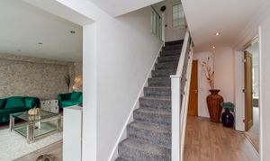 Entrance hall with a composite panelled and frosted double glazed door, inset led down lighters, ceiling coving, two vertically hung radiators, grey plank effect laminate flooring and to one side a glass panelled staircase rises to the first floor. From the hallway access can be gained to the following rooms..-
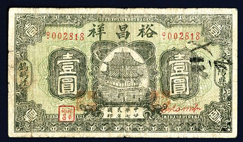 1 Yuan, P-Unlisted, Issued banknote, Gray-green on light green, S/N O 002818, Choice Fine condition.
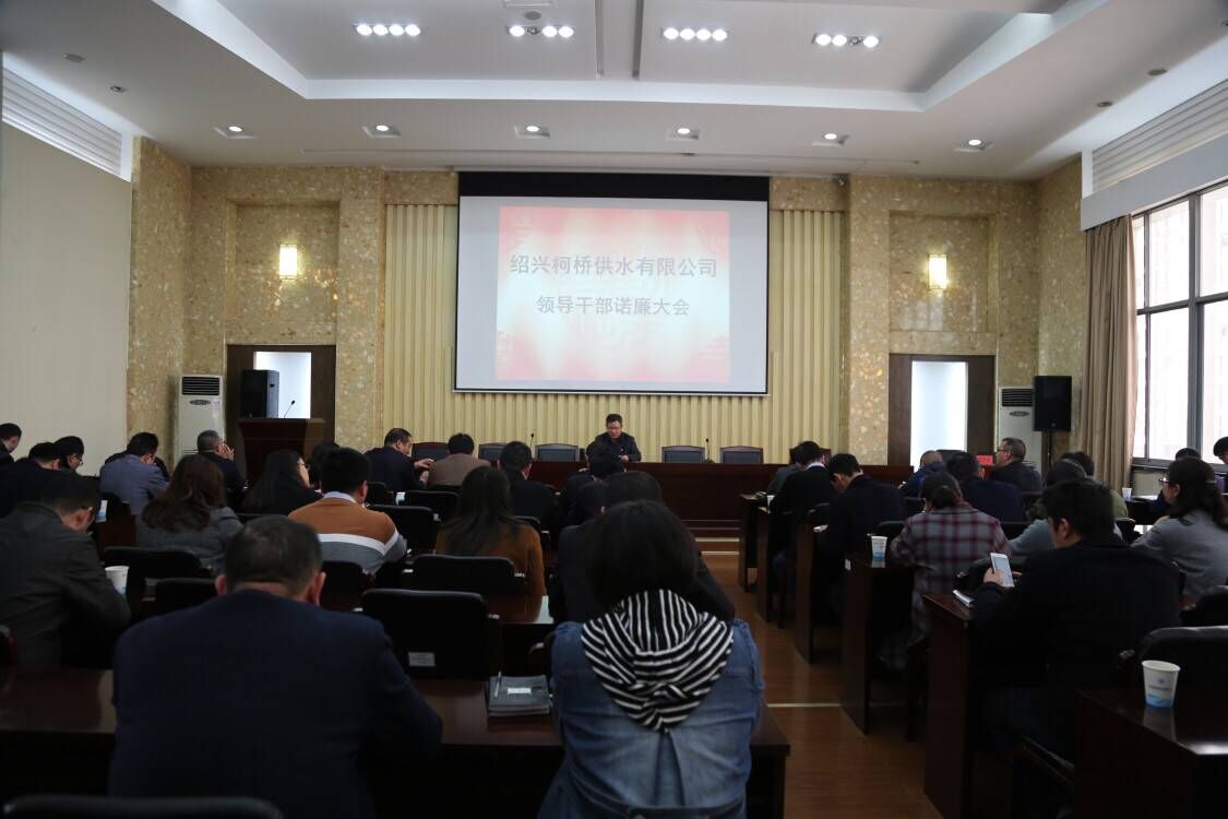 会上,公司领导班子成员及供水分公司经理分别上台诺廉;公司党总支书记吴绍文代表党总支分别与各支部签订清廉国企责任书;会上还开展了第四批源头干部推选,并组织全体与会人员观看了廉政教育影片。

#### [EXERCISE DETAILS]
Each line from the one that holds "1 Yuan, P-Unlisted, Issued" through the final line of the data must be retyped exactly; the pictures must not appear.

#### [EXERCISE OUTPUT]
 1 Yuan, P-Unlisted, Issued banknote, Gray-green on light green, S/N O 002818, Choice Fine condition.
 会上,公司领导班子成员及供水分公司经理分别上台诺廉;公司党总支书记吴绍文代表党总支分别与各支部签订清廉国企责任书;会上还开展了第四批源头干部推选,并组织全体与会人员观看了廉政教育影片。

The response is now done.